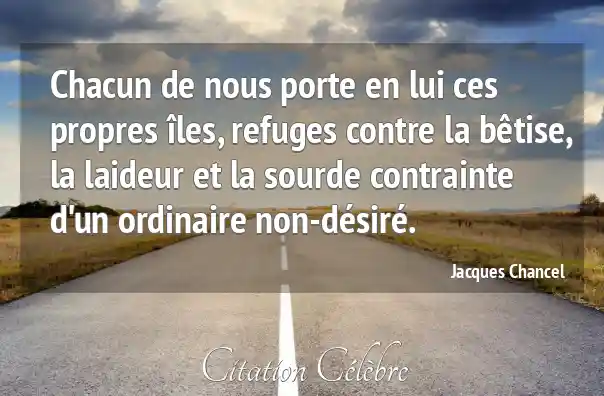 Chacun de nous porte en lui ces propres îles, refuges contre la bêtise, la laideur et la sourde contrainte d'un ordinaire non-désiré.
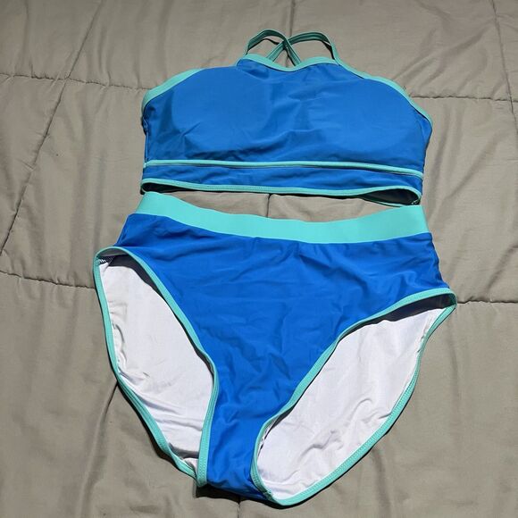 Blooming Jelly Blue Colorblock High Waist 2 Piece Padded Bikini Swimsuit Size XL
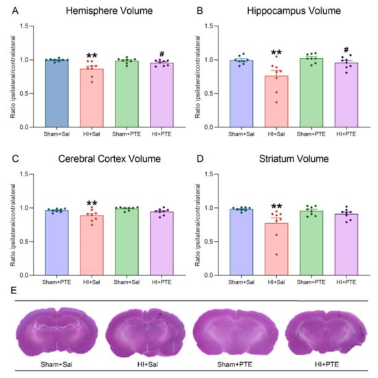 Ipsilateral/contralateral volume ratio of the hemisphere (A), the hippocampus (B), the cerebral cortex (C), and the striatum (D). Representative hematoxylin and eosin-stained coronal brain sections (Bregma −3.3 mm) of adult rats (E). Data were calculated by dividing the volume of selected brain structure ipsilateral to the carotid occlusion (right side) by the contralateral volume. Data are expressed as mean ± SEM. * Injury effect (HI vs. control). # Treatment effect (Sal vs. PTE). n = 8 animals per group. Significance was accepted whenever p < 0.05 (* or #) or p < 0.01 (** or ##) (one-way ANOVA).
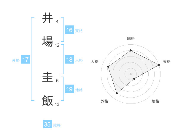 井場 圭飯さんの総格は35画の4点!

## Brief
Type the lines above out again exactly as they appear, skipping every picture.

## Answer section
 Chacun de nous porte en lui ces propres îles, refuges contre la bêtise, la laideur et la sourde contrainte d'un ordinaire non-désiré.
 Blooming Jelly Blue Colorblock High Waist 2 Piece Padded Bikini Swimsuit Size XL
 Ipsilateral/contralateral volume ratio of the hemisphere (A), the hippocampus (B), the cerebral cortex (C), and the striatum (D). Representative hematoxylin and eosin-stained coronal brain sections (Bregma −3.3 mm) of adult rats (E). Data were calculated by dividing the volume of selected brain structure ipsilateral to the carotid occlusion (right side) by the contralateral volume. Data are expressed as mean ± SEM. * Injury effect (HI vs. control). # Treatment effect (Sal vs. PTE). n = 8 animals per group. Significance was accepted whenever p < 0.05 (* or #) or p < 0.01 (** or ##) (one-way ANOVA).
 井場 圭飯さんの総格は35画の4点!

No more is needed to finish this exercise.